Heh, was there a time the paper castigated Trump for having gone on about "good people on both sides" back during the aftermath of Charlottesville? They must have got too close to him while trying to hear his explanations.
On Rittenhouse, well.. there is video so we do get to see what the Times is seeing, and it's hard to tell whether it's the defense, the prosecution, the accused or the judge who is more aware that "the world is watching". I'm not at all sure anyone's seeking the beauty of truth here. The circus is pretty entertaining though, if one can detach from the disappointing humanity of it all. Still waiting for the Times to chronicle that part for us.

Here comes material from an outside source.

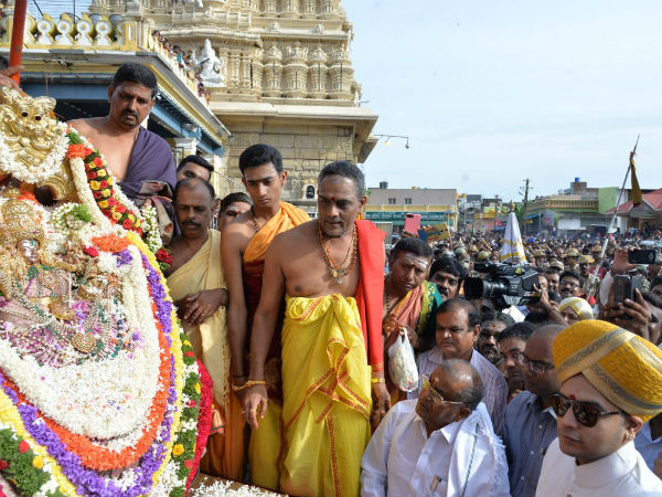 ಸುಸೂತ್ರವಾಗಿ ದಸರಾ ಆಚರಣೆ ನಂತರ ಚಾಮುಂಡಿಗೆ ಪೂಜೆ ಸಲ್ಲಿಸುವ ಸಲುವಾಗಿ ನಡೆಯುವ ರಥೋತ್ಸವದಲ್ಲಿ ಯದುವಂಶದ ಮಹಾರಾಜ ಯದುವೀರ ಕೃಷ್ಣದತ್ತ ಚಾಮರಾಜ ಒಡೆಯರ್, ರಾಜಮಾತೆ ಪ್ರಮೋದಾದೇವಿ ಒಡೆಯರ್ ಪಾಲ್ಗೊಂಡಿದ್ದರು. ಮುಂಜಾನೆಯೇ ಬೆಟ್ಟಕ್ಕೆ ಆಗಮಿಸಿ ತಾಯಿಗೆ ಪೂಜೆ ಸಲ್ಲಿಸಿದ್ದು, ಬೆಳಿಗ್ಗೆ 8.05 ರ ತುಲಾ ಲಗ್ನದಲ್ಲಿ ಮಹಾರಥೋತ್ಸವಕ್ಕೆ ಚಾಲನೆ ನೀಡಲಾಯಿತು.

I find this trial crazy too, but again. Someone pointed it out on reddit for a non-American how fucking absurd it is to argue about minute details about a shooting when the guy brought a weapon half his height to a protest. Where i grew up, you couldn’t personally own a gun like that even if you’re SWAT, and it would be a felony on it’s own to walk around with it on your shoulder. So we have baseline insanity.I've been struggling to find unbiased coverage of this thing as I don't have time for all the play by play but it seems that it's just too polarized. I don't care of it's a defense attorney or a prosecutor on either side of the aisle, I would just like to get unbiased feedback.
Yes, my personal opinions are biased but I always try to look for neutral coverage on anything high profile like this.
Dan Abrams seems to do okay with that but it's really just a segment on the evening news, I'll have to take it for now.
It also makes me wonder, that all these hot takes and poorly substantiated opinions are the legal version of the misperceptions that people had when they first ever watched medical evidence being generated real-time for CoVid. I don’t know.